Will Justice Prevail in Maricopa County, Arizona?

I have been conspicuously silent on the Maricopa County issue. I’ve been glued to Greenfield’s coverage of it. His latest piece is a must – read.

7 Responses to Will Justice Prevail in Maricopa County, Arizona?

  1. DMG says:

    Gut instinct reaction – no, it won’t. But maybe that’s the disillusionment from having to work in this system for the past 7 years talking.

  2. DMG says:

    Okay, maybe I should have watched the news last night before I said that. If this got any significant local coverage besides just the New Times, then maybe.

  3. metasonix says:

    Always amusing to see people who don’t live in Phoenix talk about Arpaio, and read their righteous outrage about corruption there. They don’t know a few things about that town:

    a) Southern-central Arizona is basically an isolated pocket of the Deep South. Arizona had legal racial segregation until 1952. Even neighboring Tucson isn’t as backward.

    b) The Phoenix area has long been a retirement haven for white police officers, bringing their bigotry from wherever in the Northeast or Midwest they came from. The attractions of the Arizona desert included: mild winter weather, very little rain and no snow, and “no black people”. One of those bigoted Northeastern cops who retired to Arizona just happens to be named Joe Arpaio. He ran for sheriff partly because he discovered there were very few blacks, but lots of Latinos — and he felt “the Mexicans have to be controlled”. And he found ripe soil for his demented policies, since there are thousands of retired cops there already, along with hundreds of thousands of elderly white Midwesterners. Groups not noted for their racial tolerance. All those old jokes about the cranky old man who screams “get off my lawn, you kids” aren’t funny in a city where the cranky old men run everything.

    c) Another thing that Phoenix “features”: the Arizona Republic, one of the most disgustingly pro-business, conservative newspapers in the entire US. They have almost no competition in Maricopa County. And they would never, in a million years, say anything bad about Thomas or Arpaio–because the Pulliam family that founded it shares Arpaio’s bigoted, paranoid worldview. Since Phoenix has long been considered a joke by journalists, thanks mainly to the Republic, the local TV and radio outlets have developed a similar outlook–no decent journalist would work for a TV station in that “freak show”, so the journalists who end up with the (few) jobs in local media tend to be incompetent and cowardly.

    d) Local political corruption is legendary–on a par with places like Philadelphia or Chicago. With the added bonus of a weak, spineless media that refuses to document the many dirty tricks by the politicians. This is why nobody outside Maricopa County realizes how corrupt the place is.

    e) Phoenix is a prime example of what happens when real-estate developers have complete free rein. They can build until they run out of desert, and they have considerable control of local politics. This is why, among other things, Phoenix has been having severe water shortages and sewer-system breakdowns in recent years. The old people are rabidly anti-tax, even for needed infrastructure improvements, while the developers just keep building and building.

    • DMG says:

      So even if they’re right to be outraged, they should shut up because they don’t know all the in and outs of local politics here? I don’t quite follow.

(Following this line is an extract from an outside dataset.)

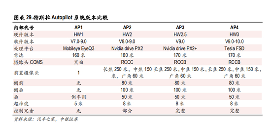 在自动驾驶方面,特斯拉起步较早,Autopilot 1.0系统于 2014年问世,搭载的是量产的第一代特斯拉 Model S车型。随着研发进步和车型更新,目前硬件版本已升级至 HW3.0,软件版本已升级至 V10.0。

      I’m also not aware of any severe water shortages or sewer-system breakdowns in the last few years, even though we’re in a drought, but that might just be my personal experience. It’s not like anyone’s really doing anything about it beyond some light restrictions on water usage during the summer. And even that is really only in Phoenix and Mesa to a large extent, not valleywide.

  4. “All those old jokes about the cranky old man who screams “get off my lawn, you kids” aren’t funny in a city where the cranky old men run everything.”

    It’s especially not funny in a city where the lawns consist of cactus and funny little multicolored rocks. It might even be a little dangerous.

  5. Alan says:

    There’s a simple rule that applies 99% of the time: if you attack a judge, you’re going down.

  6. haha says:

    The situation in Maricopa County has been a hot-button issue for me for a long time (and I actually did live there) – I’m glad to see Greenfield and others are finally sitting up and taking notice, too.